Sir Sandford Fleming, K. C. M. G., LL. D., C. E., is one of Canada’s most eminent civil engineers. He was born at Kirkcaldy, Fifeshire, Scotland, January 7th, 1827, came to Canada at the age of eighteen, and has ever since been identified with the progress and development of the country. He was on the engineering staff of the Northern Railway from 1852 to 1863, and for the latter half of that time was chief engineer of the work. He was chief engineer of the Intercolonial Railway, and carried it through to a successful completion in 1876. In 1871 he was appointed engineer-in-chief of the Canadian Pacific Railway; he retired from that position in 1880 and was subsequently elected a director of the company. He received the freedom of the Royal Burgh of Kirkcaldy and the degree of LL. D. from the University of St. Andrews in 1884: was appointed to represent Canada at the International Prime Meridian Conference in Washington in 1884: at the Colonial Conference, London, in 1887, at the Colonial Conference in Ottawa, in 1894, and at the Imperial Cable Conference in London, in 1896. Sir Sandford has been Chancellor of Queen’s University at Kingston since 1880. He is the author of numerous scientific and other publications, is an active member of the Royal Colonial Institute of London, and on the occasion of Her Majesty’s Diamond Jubilee was accorded the honour of knighthood.
* * * * *
The conflicting rumours, which for many months have been in circulation as to the inability of Messrs. Peterson, Tate & Company to fulfil the terms of their agreement, have finally been set at rest by the cancelling of the contract, and the Canadian Government calling for tenders for a weekly steamship service for carrying Her Majesty’s mails for a period of two years from the 1st of May, 1899, from Montreal and Quebec to Liverpool, during the summer months, and from St. John, N. B., and Halifax in winter. The time occupied in making the voyage from Rimouski to Moville and _vice versa_, is not to exceed an average of seven days. This is clearly a temporary arrangement and not an implied abandonment of a faster service than already exists. The opinion, however, in business circles seems to be gaining ground that something much less costly than a twenty-knot service might for some years to come meet the requirements of the country.
FOOTNOTES:
[34] The _Angloman_ was wrecked on the Skerries, in the Irish Sea, in February, 1897. The crew were rescued, but the ship, with her valuable cargo and a large number of cattle, became a total loss, though fully covered by insurance.

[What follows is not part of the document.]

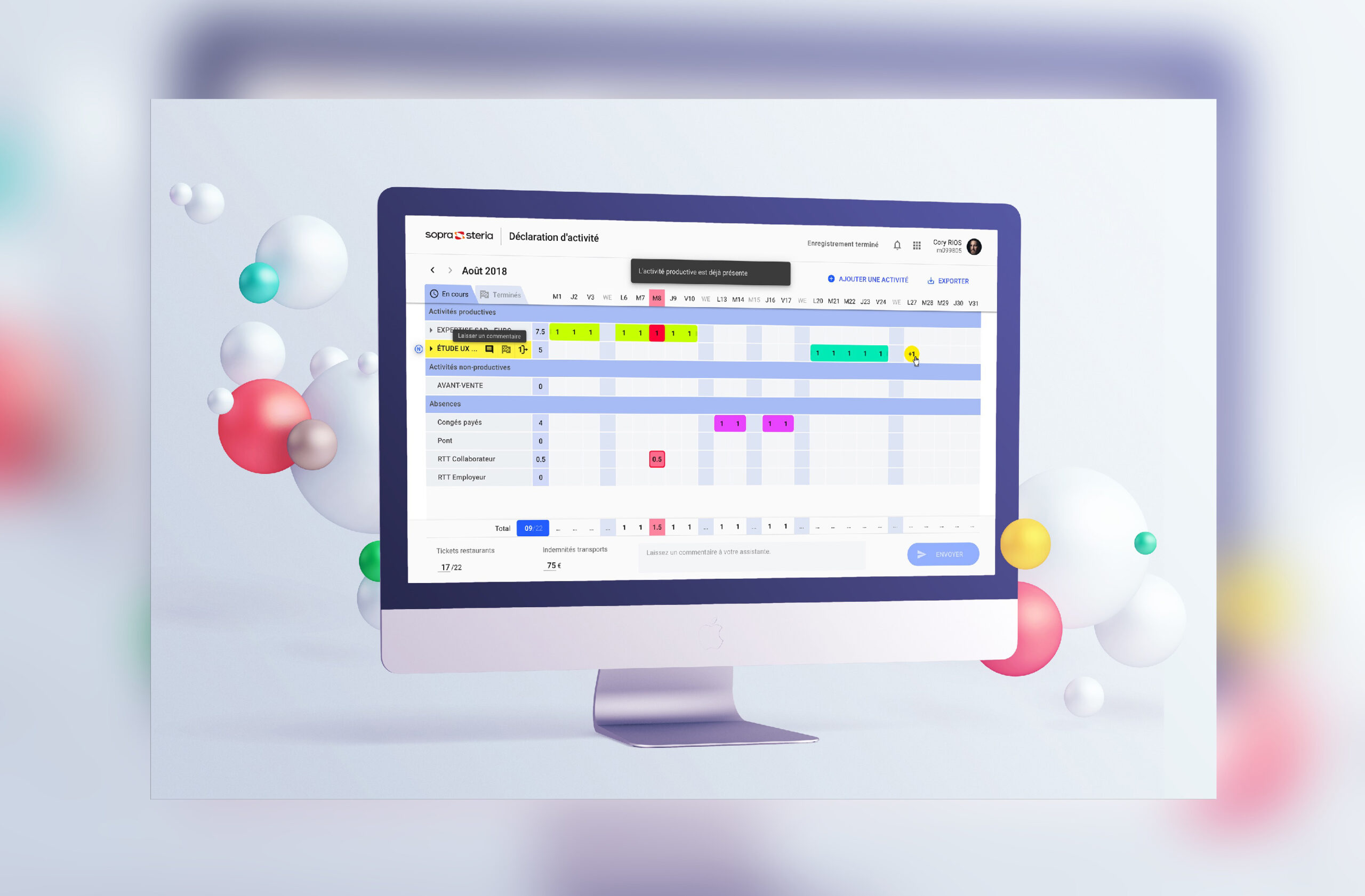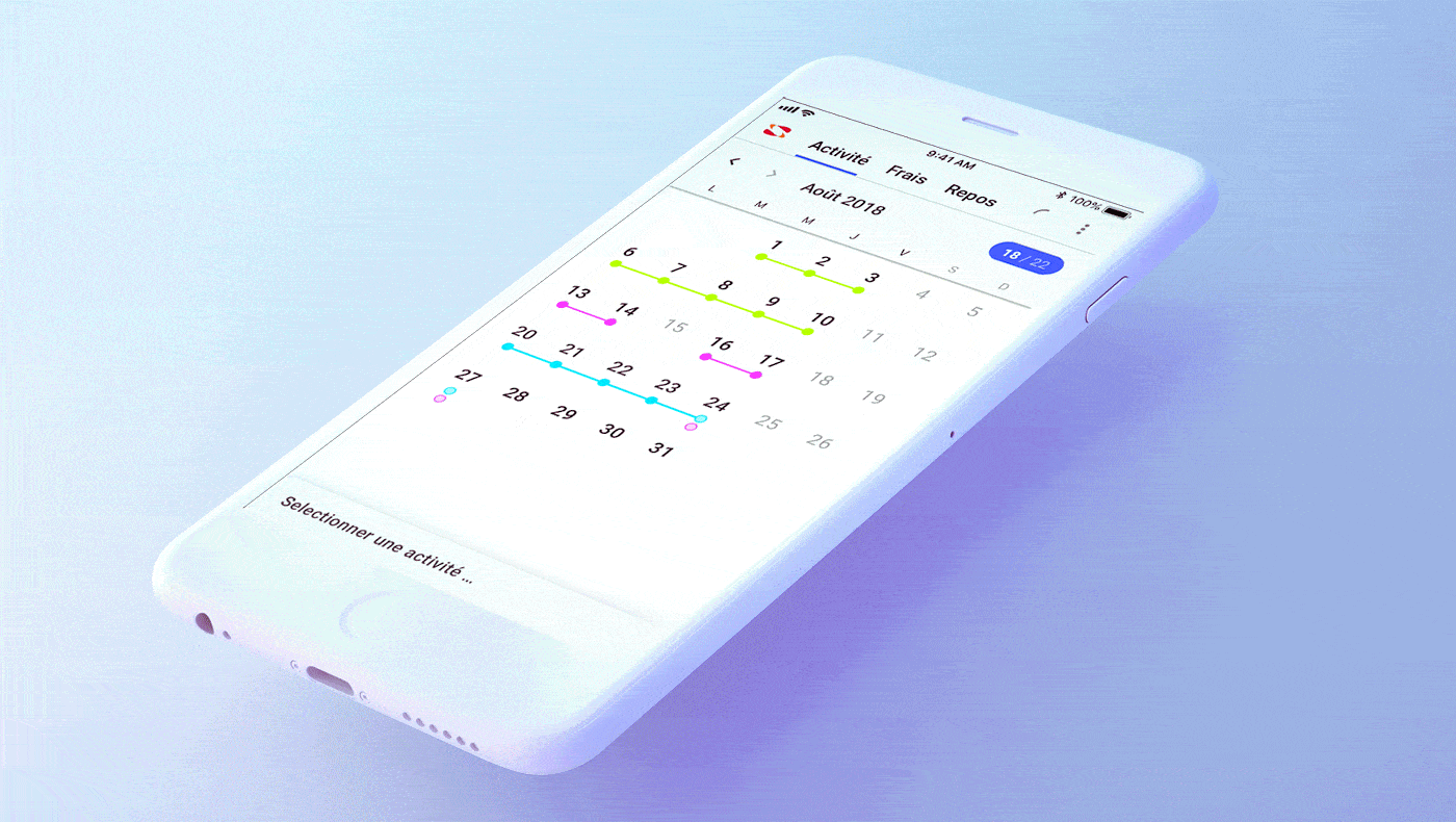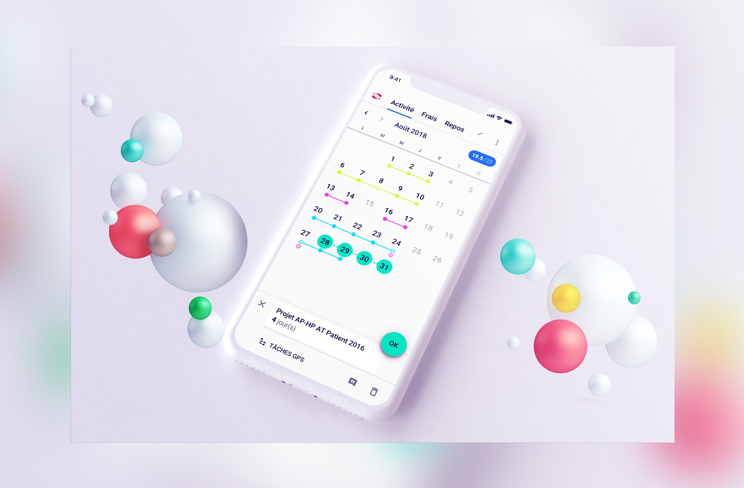 Rethinking interactions was particularly interesting, often associated with a tedious task, declaring your activity report must be simple and quick. A click system allows you to easily enter the number of half days per project in the calendar boxes provided for this purpose. Handling assists have also been added to respond to the practices observed in user testing.
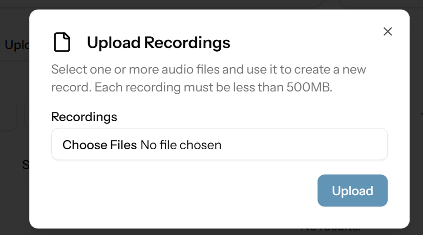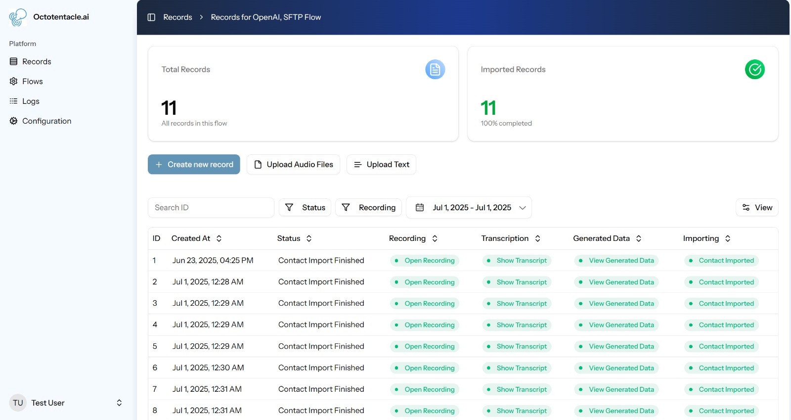 Our interface provides multiple ways of importing data: from selecting records to uploading recordings or text

[35] The SS. _Memphis_, of the African Steamship Company, but employed by the Elder, Dempster Line, went ashore on the west coast of Ireland in a fog in November, 1896, and became a total wreck. Ten of the crew were drowned and 350 head of cattle.
[36] The Manchester ship canal is 35 miles long, 120 feet bottom width, and 26 feet in depth. The docks at Manchester cover 104 acres and have five miles of quays. It was estimated to cost £10,000,000 sterling, but cost over £15,000,000 before it was completed. Arrangements are in progress by a Manchester syndicate for the establishment of a weekly line of steamships of 8,500 tons capacity, to be provided with cold storage and the most approved equipments for carrying live stock. The best modern appliances for loading and discharging cargo, grain elevators being included, are among the attractions which enterprising Manchester presents to the shipping trade of Canada.
[37] “Montreal Board of Trade Report, 1897,” pp. 52, 88.